# Rondo from Haffner Serenade K. 250 by Mozart



## KevinW (Nov 21, 2021)

Hello People,

I am recently fascinated by this short but great encore by my favorite composer. I am looking for recommendations for your preferred recordings. I know this piece is not like Bruckner or Beethoven cycle--it's just a short but enjoyable little encore, but I think people still have preference between a huge load of recordings. Also, if you know where can I find the Kreisler arrangement online, please leave a link below, as I want to perform this piece on a solo concert for fun.
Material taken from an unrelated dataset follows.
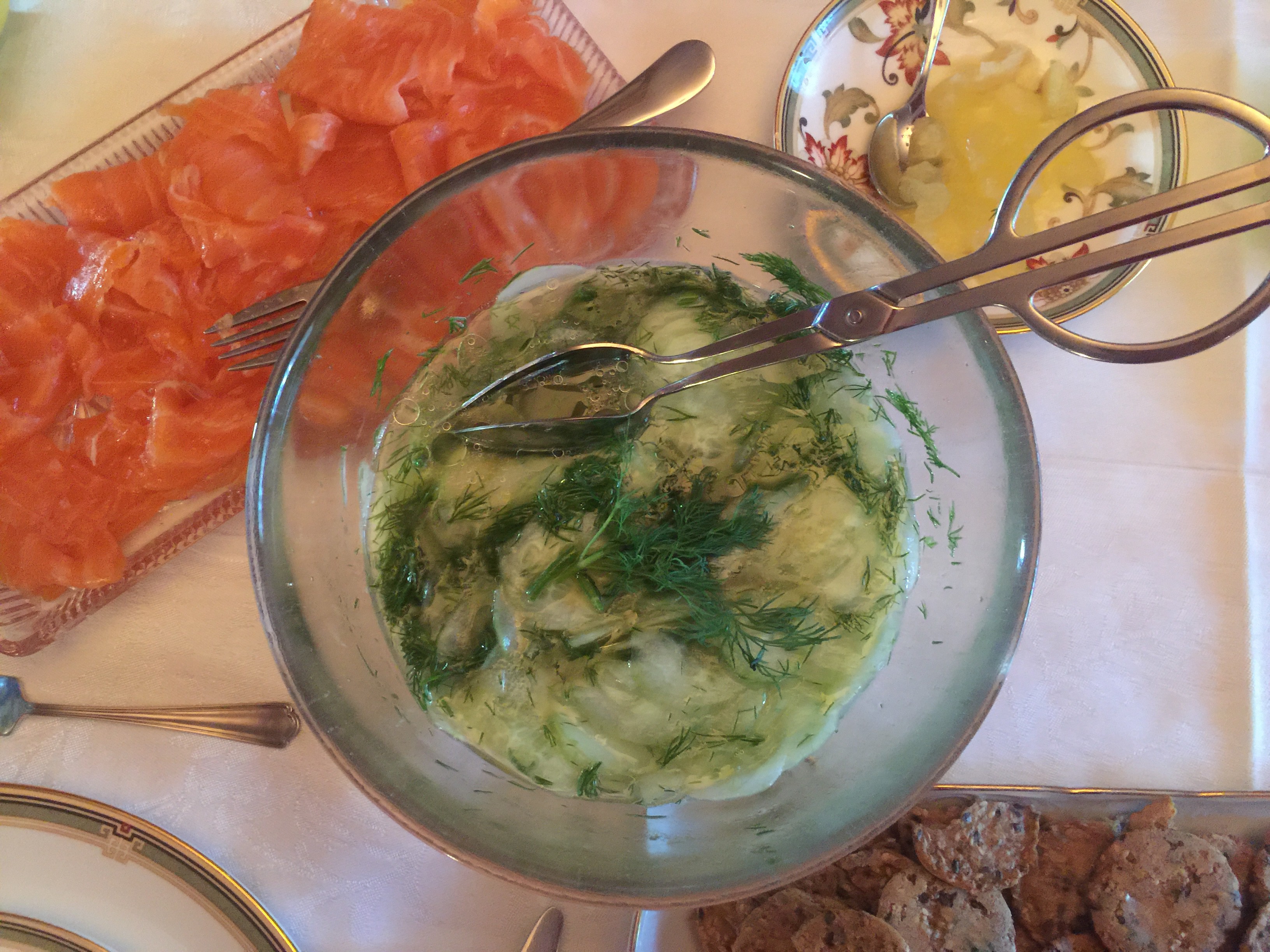 An excellent salad to accompany those tasty Finnish meatballs, meatloaf, smoked salmon and as a side dish for any meal. I brought the cucumber salad to my neighbour’s place. We had this salad with smoked salmon, capers, lemon, cream cheese and rye crackers. The cool cucumber salad cuts the richness of the smoked salmon in a most pleasant way. Since we are all of different nationalities, we discussed and critiqued other country’s versions of cucumber salad. The election was over after we counted the votes. My Dill~Cucumber Salad won!

This is my favorite recording so far. Grumiaux's technique is superior, and he sings with his violin while playing Mozart, as always.





Enjoy the music!
Kevin


----------



## larold (Jul 20, 2017)

This is the rondo or central allegro from Mozart's "Haffner" serenade -- music he wrote to celebrate Haffner's daughter's 1776 wedding that is essentially a joyous piece of fluff with a violin concerto enclosed in its 8 movements. This is one of my favorite Mozart works. The original is written for chamber orchestra and violin soloist, not a duo like here. I would call this performance bland -- prissy and unimginative. There is so much more than can be done with just the round than these two do. I like beefier Mozart. My favorite recording of this is by Lucy van Dael, Franz Bruggen and the Orchestra of the 18th Century on a Philips recording. You can hear the whole thing on YouTube though it is played period style a half-step lower than this one. It is about 50 minutes duration. https://www.youtube.com/results?search_query=mozart+haffner+serenade+bruggen


----------



## KevinW (Nov 21, 2021)

larold said:


> This is the rondo or central allegro from Mozart's "Haffner" serenade -- music he wrote to celebrate Haffner's daughter's 1776 wedding that is essentially a joyous piece of fluff with a violin concerto enclosed in its 8 movements. This is one of my favorite Mozart works. The original is written for chamber orchestra and violin soloist, not a duo like here. I would call this performance bland -- prissy and unimginative. There is so much more than can be done with just the round than these two do. I like beefier Mozart. My favorite recording of this is by Lucy van Dael, Franz Bruggen and the Orchestra of the 18th Century on a Philips recording. You can hear the whole thing on YouTube though it is played period style a half-step lower than this one. It is about 50 minutes duration. https://www.youtube.com/results?search_query=mozart+haffner+serenade+bruggen


I've listened to the recording recommended by you. It was a nice recording with a beautiful Baroque arrangement. Also, what about this recording? (Rondo starts at 20:15)


----------



## larold (Jul 20, 2017)

I generally like Davis though not particularly here. This bears his trademark literalism but the orchestra doesn't seem challenged in any way to play repeats differently from the first time through meaning Davis didn't ask them to. This can be death in Mozart since his works are full of repeats. The Gran Partita, for example, has about 35 in the score, While this performance doesn't "die" some of the repeats become tiresome. There is a thickness to the orchestral sound I don't like that makes it a more romantic conception. Note how the horns in the trio tend to dominate the sound world rather than fit in with the other instruments. The violinist is good, I think, though I didn't care for the cadenza s/he added and thought maybe s/he pushed tempo a bit compared to the overall pace and texture Davis seems to want to create.. In addition the sound is a tad foggy and congested. I'm sure I'd like this as a one off in concert but not so much for home listening. For me this has too many things I wouldn't enjoy to hear it repeatedly. I also think it lacks energy and classical line compared to Bruggen. My guess is Davis would have done this differently earlier in his career when he was more inclined to classicism and projection.


----------